[[ EXERCISE MATERIALS, beginning ]]

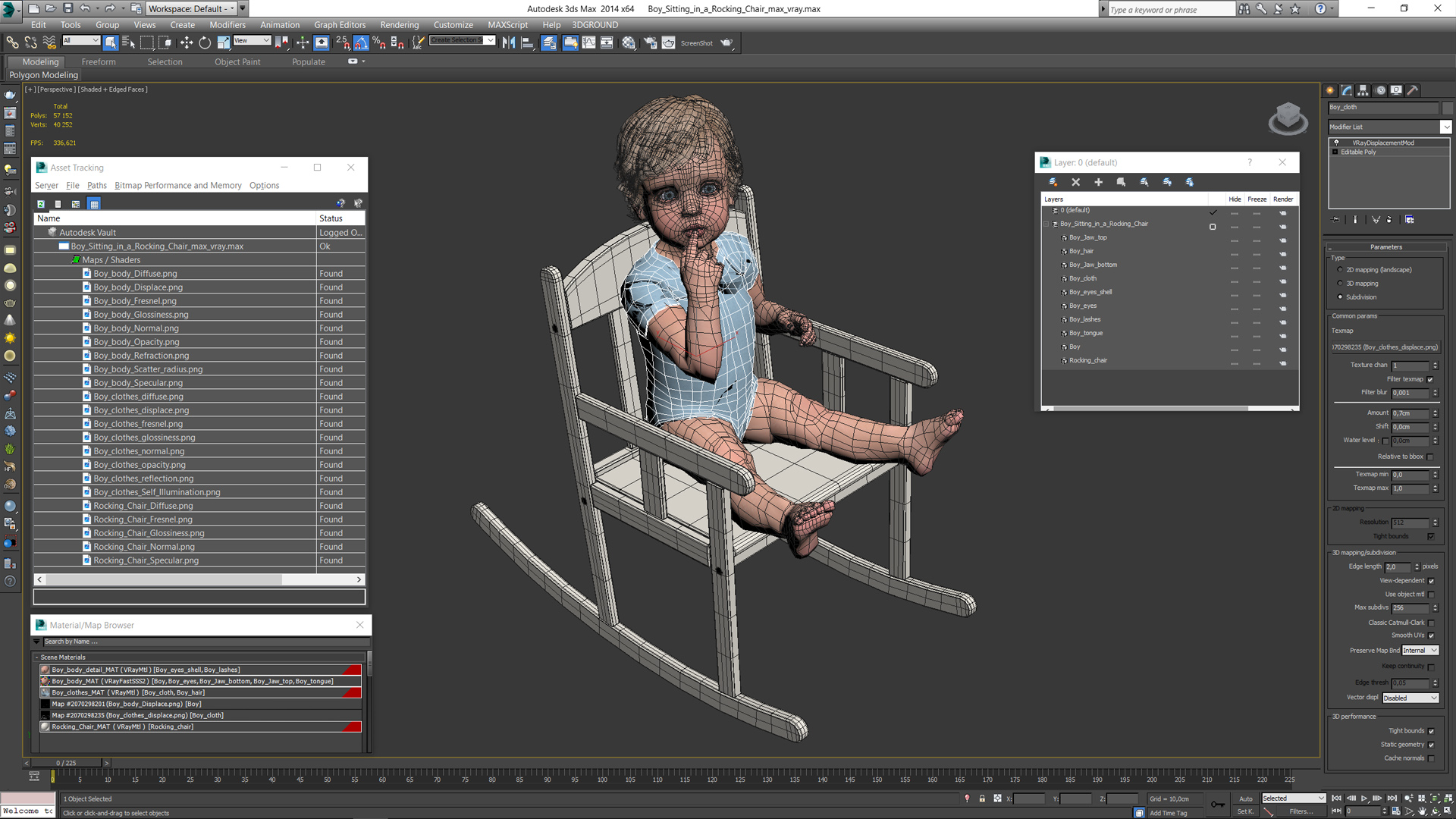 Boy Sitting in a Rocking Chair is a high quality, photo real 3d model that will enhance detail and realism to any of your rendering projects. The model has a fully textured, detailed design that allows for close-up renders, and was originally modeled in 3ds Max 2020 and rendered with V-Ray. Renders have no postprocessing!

[[ EXERCISE MATERIALS, end ]]
[[ EXERCISE MATERIALS, beginning ]]

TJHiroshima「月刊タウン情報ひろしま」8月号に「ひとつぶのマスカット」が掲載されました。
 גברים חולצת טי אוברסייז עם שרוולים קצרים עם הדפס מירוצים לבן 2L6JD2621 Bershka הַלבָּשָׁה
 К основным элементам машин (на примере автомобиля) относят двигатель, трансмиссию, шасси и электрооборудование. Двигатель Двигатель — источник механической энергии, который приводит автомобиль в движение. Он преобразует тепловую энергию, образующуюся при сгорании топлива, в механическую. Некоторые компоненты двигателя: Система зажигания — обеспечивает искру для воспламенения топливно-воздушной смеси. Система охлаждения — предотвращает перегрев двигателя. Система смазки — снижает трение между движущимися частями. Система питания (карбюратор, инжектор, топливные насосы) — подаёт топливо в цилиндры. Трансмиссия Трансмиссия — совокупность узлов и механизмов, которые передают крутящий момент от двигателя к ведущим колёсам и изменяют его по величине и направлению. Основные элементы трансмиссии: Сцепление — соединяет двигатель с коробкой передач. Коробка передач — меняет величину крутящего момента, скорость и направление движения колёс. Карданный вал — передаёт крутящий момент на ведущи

[[ EXERCISE MATERIALS, end ]]

YOUR GOAL ::
Repeat, word for word, the lines above between the line holding "TJHiroshima「月刊" and the line holding "К основным элементам", inclusive; omit everything else.

WRITTEN SOLUTION ::
TJHiroshima「月刊タウン情報ひろしま」8月号に「ひとつぶのマスカット」が掲載されました。
 גברים חולצת טי אוברסייז עם שרוולים קצרים עם הדפס מירוצים לבן 2L6JD2621 Bershka הַלבָּשָׁה
 К основным элементам машин (на примере автомобиля) относят двигатель, трансмиссию, шасси и электрооборудование. Двигатель Двигатель — источник механической энергии, который приводит автомобиль в движение. Он преобразует тепловую энергию, образующуюся при сгорании топлива, в механическую. Некоторые компоненты двигателя: Система зажигания — обеспечивает искру для воспламенения топливно-воздушной смеси. Система охлаждения — предотвращает перегрев двигателя. Система смазки — снижает трение между движущимися частями. Система питания (карбюратор, инжектор, топливные насосы) — подаёт топливо в цилиндры. Трансмиссия Трансмиссия — совокупность узлов и механизмов, которые передают крутящий момент от двигателя к ведущим колёсам и изменяют его по величине и направлению. Основные элементы трансмиссии: Сцепление — соединяет двигатель с коробкой передач. Коробка передач — меняет величину крутящего момента, скорость и направление движения колёс. Карданный вал — передаёт крутящий момент на ведущи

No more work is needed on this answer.